Route Guide of travel on the Amtrak Southwest Chief.

Discover the startling beauty
of the desert Southwest on
an odyssey you'll never forget.

Chicago * Kansas City
Albuquerque * Flagstaff
Los Angeles


You are traveling on board the Southwest Chief, an Amtrak® Superliner® train, that follows the historic and scenic Sante Fe Trail between Chicago and Los Angeles. While on board, you will be experiencing the utmost comfort and service in train travel along with many of the same vistas first viewed by the early settlers.

All of us at Amtrak are proud to have you aboard today, and want to ensure your trip is everything you want it to be in travel. If you have any questions, please do not hesitate to ask one of your friendly on-board service staff


There is a lot to see and do aboard the Southwest Chief, from relaxing, socializing with family and friends, or enjoying a wonderful meal. Please listen for announcements of the specific times and locations of activities, and most of all -- have fun!

Movies and other videos, in the Sightseer Lounge Car. During summer months, features for children will also be shown.

On-board Indian Country Tour Guides from the Inter-Tribal Indian Ceremonial Association of Gallup, New Mexico. Your guide will ride the train between Gallup and Albuquerque, pointing out scenic highlights and discussing regional history, culture and folklore. Please join us in the Lounge Car and learn about the fascinating country you are passing through.

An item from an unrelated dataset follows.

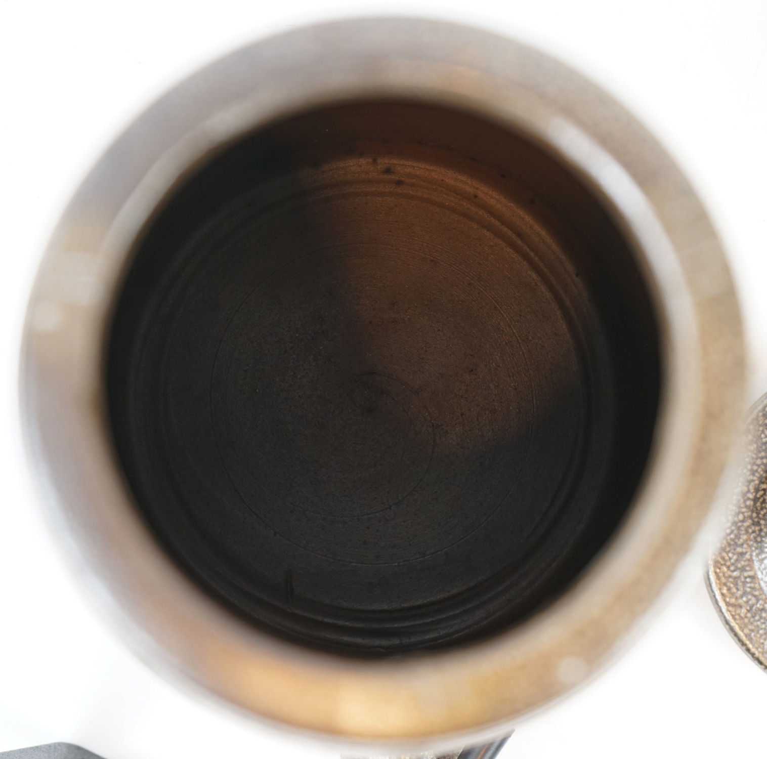 Bilder Krus med tappkran på fot, stengods/metall, Höganäs.

The Chief's Round-Up will start your travel off right. We invite you to join fellow passengers in the Lounge Car for Southwest Chief's own chips and salsa or guacamole and other southwest specialties.

Games are also on the agenda in the Dining Car. Just listen for announcements and join in the fun.

Stretch your legs in Albuquerque. Take some time to shop the Indian trading posts in the nearby pueblos for unique crafts and souvenirs. Time is limited so be sure not to leave the platform area. Also, it is very important to return to the train when you hear the announcement to ensure a timely departure for the continuation of your trip.


The Conductor is in charge of all crew members aboard, and is responsible for the collection of tickets and the safe operation of the train. The Chief supervises the on-board service people, and is responsible for the service you receive while you are on the Southwest Chief.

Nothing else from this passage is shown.